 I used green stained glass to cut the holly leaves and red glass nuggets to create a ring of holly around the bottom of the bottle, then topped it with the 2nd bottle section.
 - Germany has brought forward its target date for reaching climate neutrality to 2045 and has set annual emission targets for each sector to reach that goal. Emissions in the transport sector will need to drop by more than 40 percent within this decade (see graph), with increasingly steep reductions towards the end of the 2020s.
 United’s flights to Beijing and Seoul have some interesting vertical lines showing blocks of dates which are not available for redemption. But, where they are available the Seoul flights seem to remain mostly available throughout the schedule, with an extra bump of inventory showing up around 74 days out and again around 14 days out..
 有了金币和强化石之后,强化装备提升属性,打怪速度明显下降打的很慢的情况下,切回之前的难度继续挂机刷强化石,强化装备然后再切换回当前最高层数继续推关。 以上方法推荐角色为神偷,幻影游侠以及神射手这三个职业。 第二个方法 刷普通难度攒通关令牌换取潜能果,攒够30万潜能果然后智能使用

* * *

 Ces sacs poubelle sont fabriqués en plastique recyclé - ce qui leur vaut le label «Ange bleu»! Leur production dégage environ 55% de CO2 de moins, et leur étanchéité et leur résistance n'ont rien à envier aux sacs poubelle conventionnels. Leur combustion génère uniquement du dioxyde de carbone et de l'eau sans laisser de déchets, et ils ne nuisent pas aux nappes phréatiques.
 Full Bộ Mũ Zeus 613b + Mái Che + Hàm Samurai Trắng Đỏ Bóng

■ **Assigned task**:
All lines above from the one containing "I used green" to the one containing "以上方法推荐角色为神偷,幻影游侠以及神射手这三个职业。 第二个方法 刷普通难度攒通关令牌换取潜能果,攒够30万潜能果然后智能使用" must be repeated exactly, both lines included, and no others.

■ **Problem solution**:
 I used green stained glass to cut the holly leaves and red glass nuggets to create a ring of holly around the bottom of the bottle, then topped it with the 2nd bottle section.
 - Germany has brought forward its target date for reaching climate neutrality to 2045 and has set annual emission targets for each sector to reach that goal. Emissions in the transport sector will need to drop by more than 40 percent within this decade (see graph), with increasingly steep reductions towards the end of the 2020s.
 United’s flights to Beijing and Seoul have some interesting vertical lines showing blocks of dates which are not available for redemption. But, where they are available the Seoul flights seem to remain mostly available throughout the schedule, with an extra bump of inventory showing up around 74 days out and again around 14 days out..
 有了金币和强化石之后,强化装备提升属性,打怪速度明显下降打的很慢的情况下,切回之前的难度继续挂机刷强化石,强化装备然后再切换回当前最高层数继续推关。 以上方法推荐角色为神偷,幻影游侠以及神射手这三个职业。 第二个方法 刷普通难度攒通关令牌换取潜能果,攒够30万潜能果然后智能使用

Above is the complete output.